Thursday, March 29, 2018
Alhambra (InterContinental Chicago Magnificent Mile)
The school-to-work transition is structured by policies, especially education policies and employment policies. Still, the literature either focuses on the latter or on the former. I propose here a new theoretical framework arguing that we can find two ways of structuring such transition by articulating these two institutional realms in Europe. I have called “youth economic citizenship” the specific institutional arrangements between those policies that one can find in a country. I argue that there are two kinds of youth economic citizenship: an “inclusive” strategy in macrocorporatist countries and a “selective” strategy in liberal countries. In the inclusive strategy, the education system reflects a “skills-for-all” approach.
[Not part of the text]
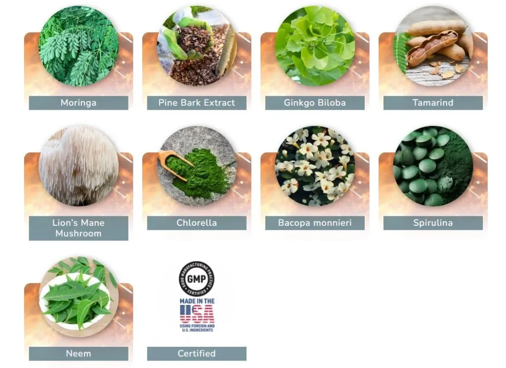 | Key Ingredients | Bacopa Monnieri, Ginkgo Biloba, Lion’s Mane, Pine Bark Extract, Spirulina, Chlorella |

It provides skills for the majority of young people, limiting educational inequalities, and allowing them access employment rather smoothly. Employment policies are then supposed to offer a second chance to the low-skilled, in the form of youth guarantees for instance. On the contrary, with the selective strategy, the education system is elitist and follows a “skills-for-the-best” approach, leading to important education inequalities and many drop-outs. Employment policies reinforce this logic as they do not invest in human capital of the low-skilled but focus on providing them atypical low-skilled jobs. Empirically, I proceed in two steps. First, I identify the two strategies by analysing a range of policies and indicators, and by proceeding to cluster analyses. Second, after having elaborated an index of youth economic citizenship based on previous indicators, I test the importance of macrocorporatism as a central driver by running Qualitative Comparative Analyses.